House Speaker Ron Mariano said Thursday that the House’s fiscal year 2026 budget will not raise taxes or fees on residents or businesses in Massachusetts, and that his chamber will focus on the state’s “affordability crisis” this session including with a new emphasis on how policy impacts energy costs.
Mariano promised at a Greater Boston Chamber of Commerce event Thursday morning that the House Ways and Means budget proposal, expected next week, will “continue to fund free school meals for all public school students in Massachusetts, along with another year of meeting our commitment towards the full implementation of the Student Opportunity Act.”
There has been uncertainty whether the state would be able to continue to pay for the school meals program, as it is subsidized by federal funds which may be affected by President Donald Trump’s large-scale cuts.

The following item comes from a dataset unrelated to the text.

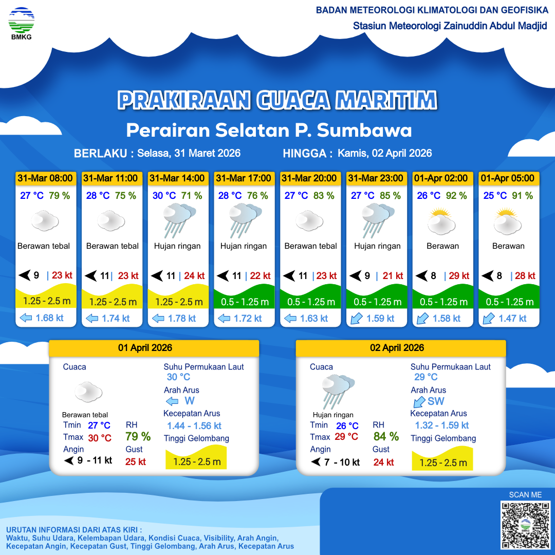 31 Mar 26, 11.00 4 jam kedepan | Timur 11 kt Gust Peningkatan kecepatan angin yang singkat dan tiba-tiba : 21 kt | 1.2 m Rendah | Barat 1.7 Knots | 28 °C | 80 % | |
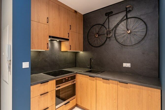 Kuchnia: lodówka, okap, 4-palnikowa płyta indukcyjna, zmywarka,

The speaker railed against Trump in his speech, heightening rhetoric about the president as budget-writers have tried to craft a spending plan while dealing with changing news from Washington D.C. every day. Trump’s second term has had a strong emphasis on cutting federal spending and workforce levels, part of an effort his White House says is focused on reducing government waste and fraud.
“When I spoke with you all last year, President Biden was still in office, which meant that Massachusetts had a reliable partner at the federal level. On January 20th though, we lost that partner, and now as much as $15 billion for Massachusetts could be in jeopardy,” he said.
Mariano said Trump has “decimated” institutions such as the Department of Education, “is wreaking havoc on programs that millions of vulnerable Americans rely on,” and has “worked to exact revenge on his political opponents.”
The speaker said the president’s executive order targeting offshore wind “could also put the commonwealth’s ever-important climate goals out of reach.”
Still, he said the House won’t be “distracted” by the president and federal level.
The House will vote to establish an internal procedure to better predict the impact that future policy decisions will have on energy costs, he said, as well as take up legislation aimed to bolster access to early college programming for Bay State students.